◆ **Task goal**: Copy word for word the lines in the records below, starting at the line with "図画工作では、教科書の作品か" and ending at the line with "Jadeite Inlaid Earrings". Skip the pictures.

Start of Supplied information

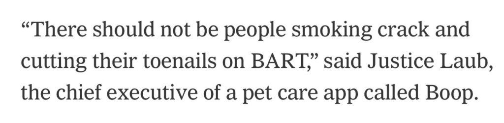 I was reading an article in the NY Times the other day about the financial woes of our local transit systems, and came across this quote. I had to wonder, is Mr. Laub referring to one person who was smoking crack AND cutting their toenails? Or are these separate incidents? To be clear, I have absolutely no desire to see anyone cut their toenails in public, but it’s not exactly on par with smoking crack. I did a little google search (why didn’t I just look at the article?) to find a picture of Mr. Laub with his dog…are dogs allowed on BART? And found this amazing Reddit conversation.
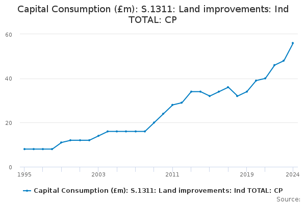 Download this time seriesCapital Consumption (£m): S.1311: Land improvements: Ind TOTAL: CP
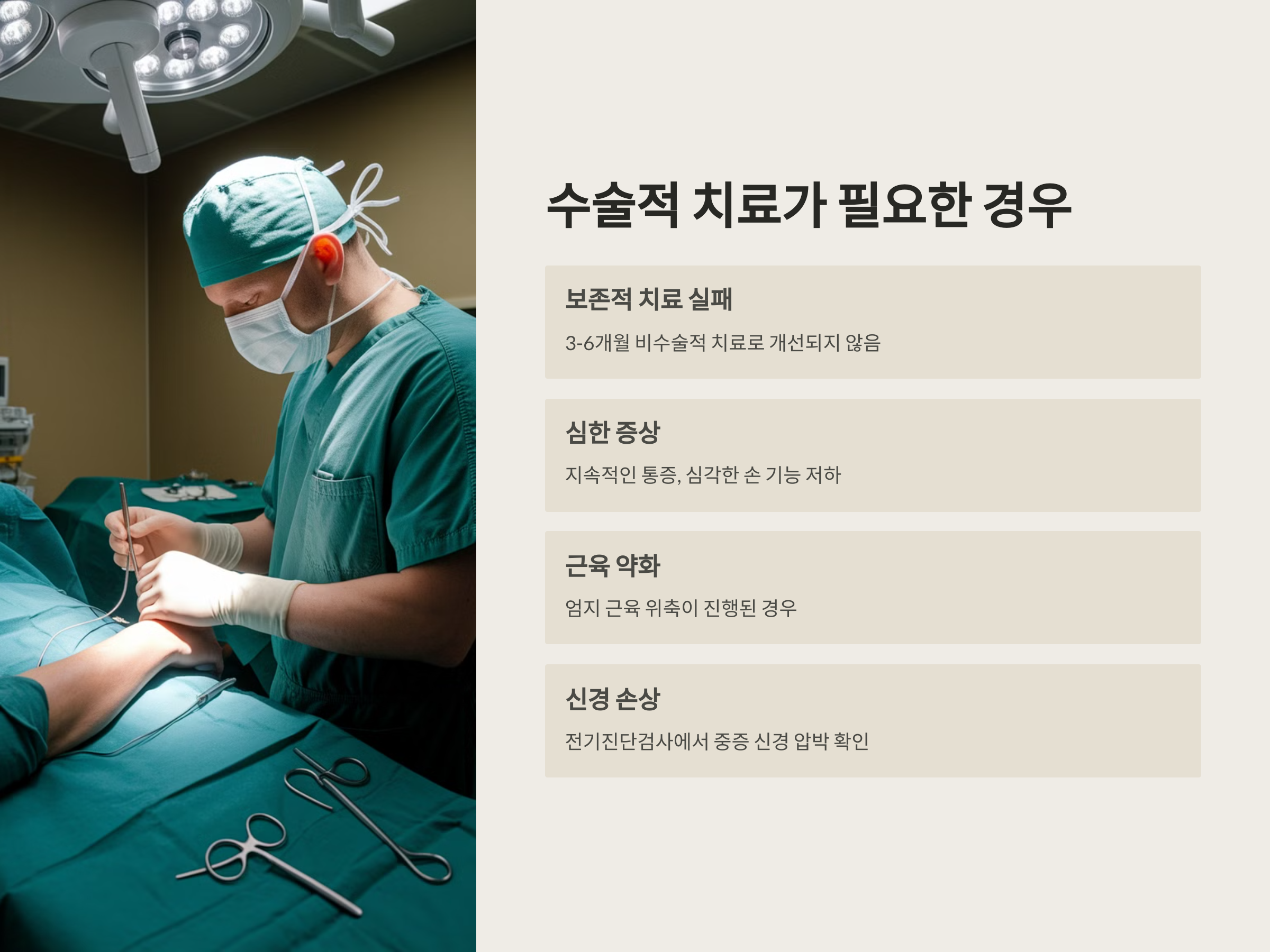 손목 터널 증후군 치료 손목 보호대 착용 및 수술
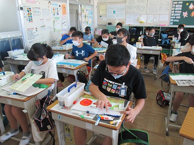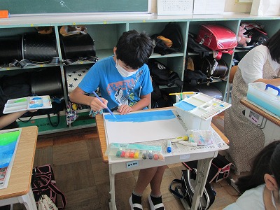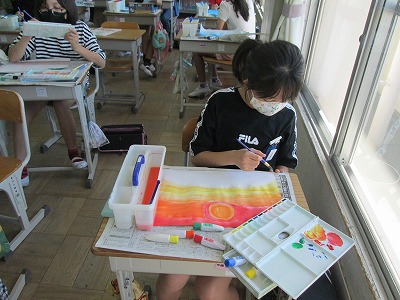 図画工作では、教科書の作品からどんな空なのか、どんな筆使いをしているのか、どんな色使いをしているのか考えました。その後、「自分の空」を描きました。色の濃淡をつけたり、筆の使い方を工夫したり、手やティッシュでやってみたりと、様々な方法で描いていました。それぞれの個性あふれる「空」が完成しました。
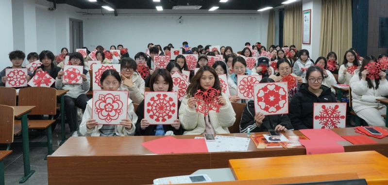 活动尾声,同学们手持自己创作的剪纸作品合影留念,红纸镂花,光影交织,映衬着青春面庞上满足的笑容。
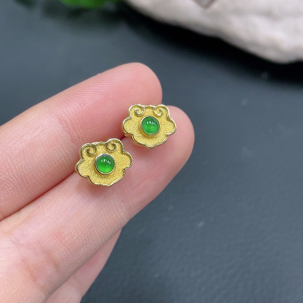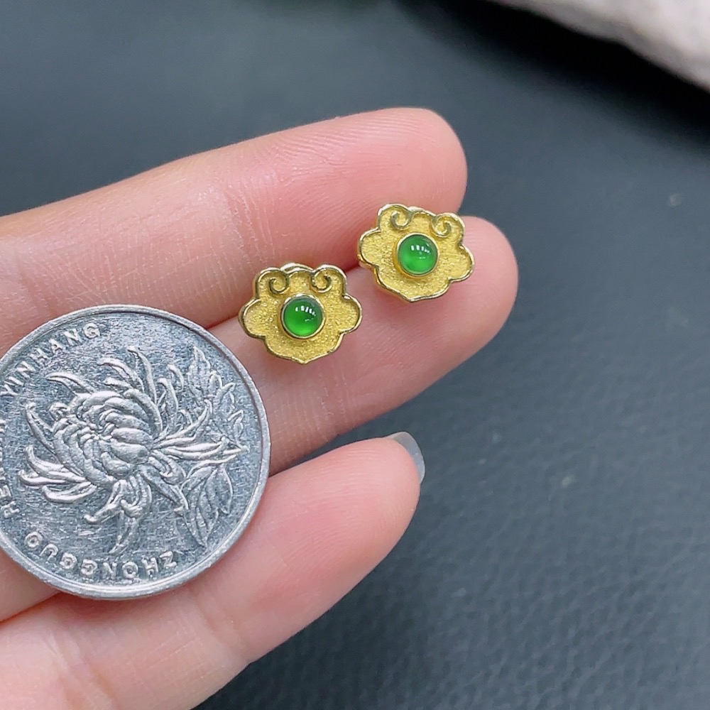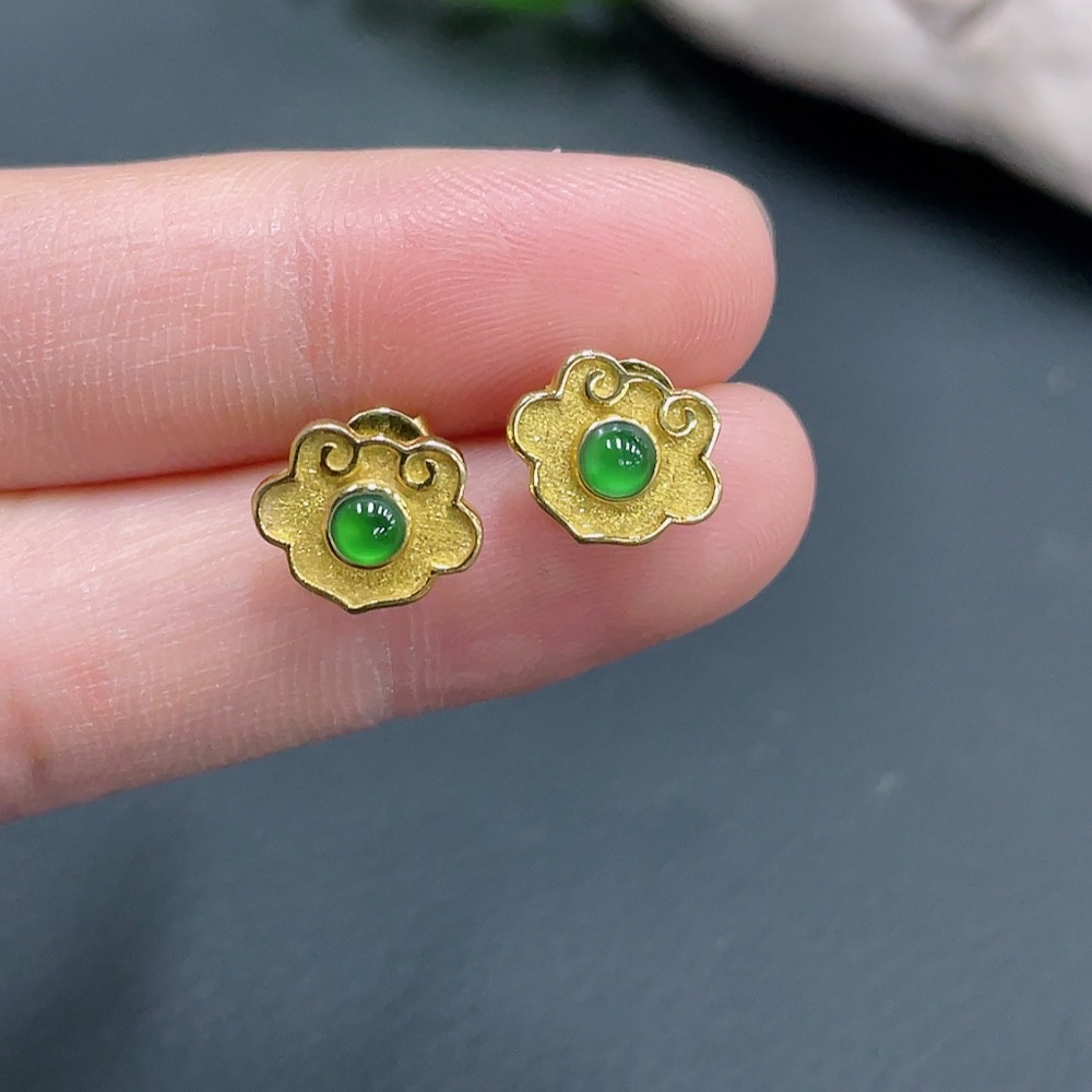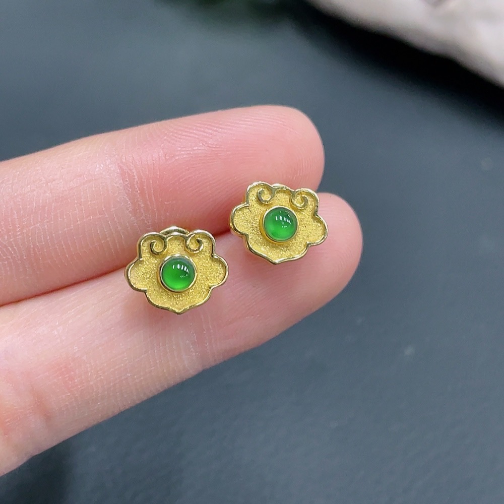 Jadeite Inlaid Earrings 18k Gold Inlaid Total Approx. 2.65g
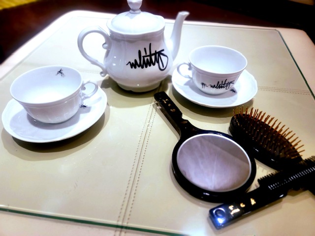 Blooms that require no water!  Porcelain tulip, hydrangea, and orchid on lucite base
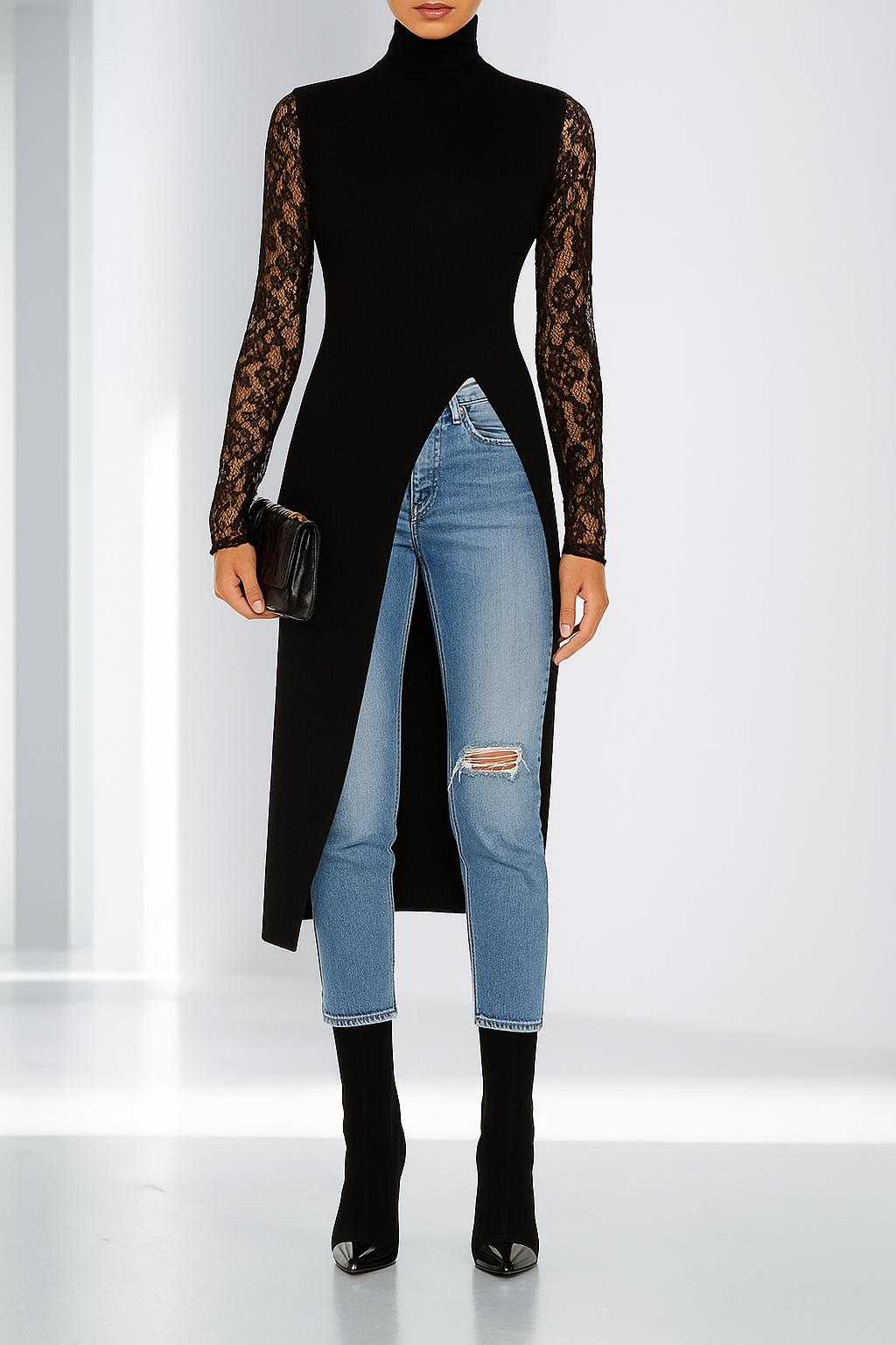 - Una maglia unica e di carattere: il mezzo collo alto le dona un’eleganza pulita, mentre le maniche in pizzo trasparente aggiungono un tocco sensuale e raffinato. Lo spacco trasversale profondo sul davanti rende il capo dinamico e versatile, capace di trasformare un outfit casual in qualcosa di sorprendentemente chic.
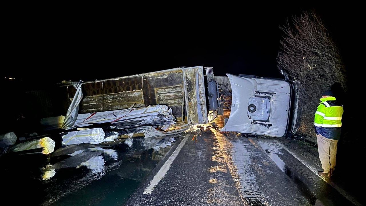 Bilecik'in Osmaneli ilçesi Beşevler Köyü mevkiinde Sakarya-Pamukova karayolunda dün gece meydana geldi. Edinilen bilgilere göre, 67 AY 320 plakalı çekici tırın sürücüsü Berkan Ş., direksiyon hakimiyetini kaybedince araç kontrolden çıkarak kaza yaptı. Kazanın ardından Pamukova-İznik istikameti geçici olarak trafiğe kapatılırken, sürücüler Bilecik istikameti üzerinden D-650 karayoluna yönlendirildi.
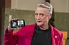 Berit Reiss-Andersen, leder av Nobelkomiteen, viser frem et bilde på en mobiltelefon av årets fredsprisvinnere, journalistene Maria Ressa og Dmitrij Muratov.
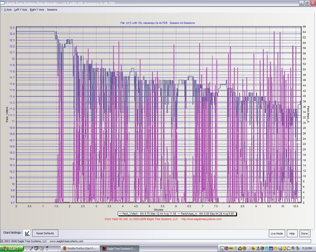 Brian, I ran the crt.5 again with the 10L and maxamps 3s 4000 pack. I hooked up the eagle tree to it and found some interesting numbers. Apparently the 4000's are not really 20c, more like 10-12c. Disappointing to say the least. What do you think, here is the graph. 64 amps and the pack voltage drops down to 9.7! I thought these were supposed to do 80 amps continuous, 120 amps sustained, and 200 amps burst...
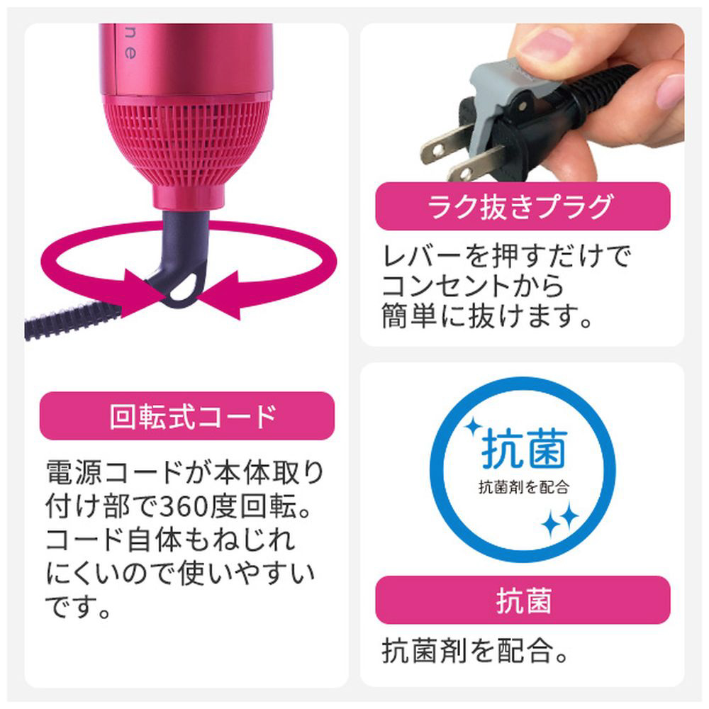 | 商品名 | マイナスイオンカールドライヤー【天然ツバキオイル配合豚毛ブローブラシ/ロールブラシ付属】 ピンク TC530A-P |
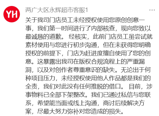 事情发生后,永辉火速撤下海报,客服在评论区道歉,承认系门店员工擅自使用,暴露版权合规漏洞。
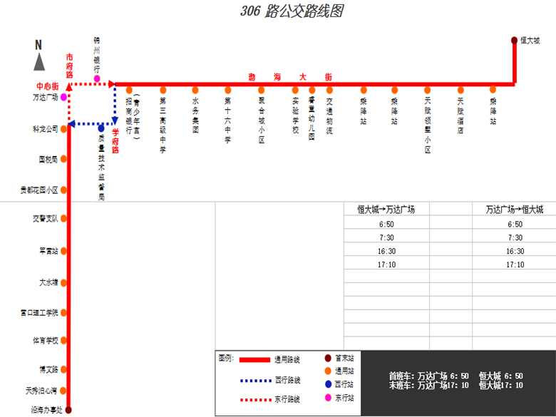 萬達(dá)廣場(chǎng):6:50、7:30/16:30、17:10。
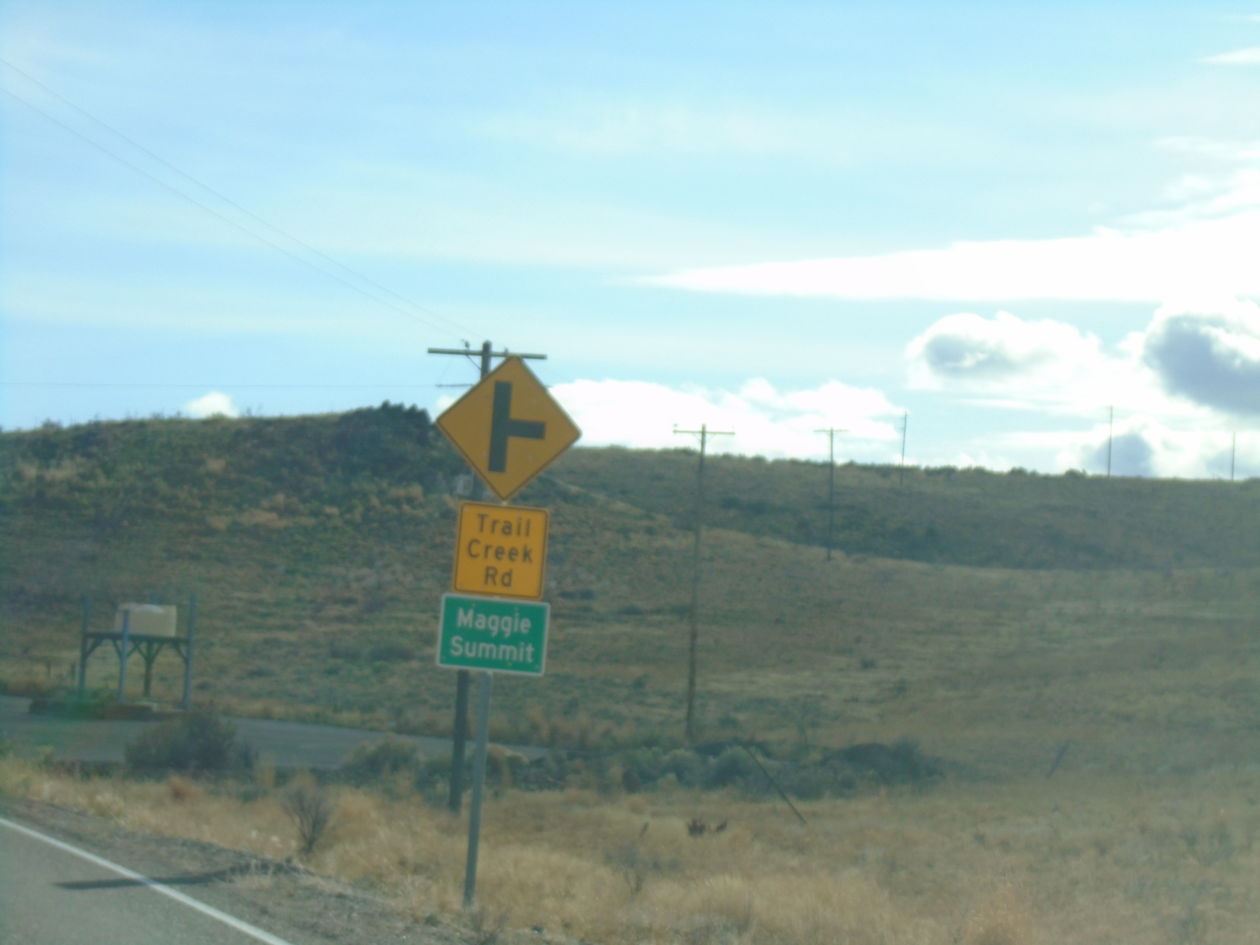 Leaving NV-225, the road is a good gravel that follows Trail Creek through some bottom land and assorted ranches. The road ascends to Maggie Creek Summit at 6066 Feet. From the summit, the road drops through numerous Aspen groves before crossing Columbia Creek on a causeway of sorts.

End of Supplied information

◆ **Solved exercise**:
 図画工作では、教科書の作品からどんな空なのか、どんな筆使いをしているのか、どんな色使いをしているのか考えました。その後、「自分の空」を描きました。色の濃淡をつけたり、筆の使い方を工夫したり、手やティッシュでやってみたりと、様々な方法で描いていました。それぞれの個性あふれる「空」が完成しました。
 活动尾声,同学们手持自己创作的剪纸作品合影留念,红纸镂花,光影交织,映衬着青春面庞上满足的笑容。
 Jadeite Inlaid Earrings 18k Gold Inlaid Total Approx. 2.65g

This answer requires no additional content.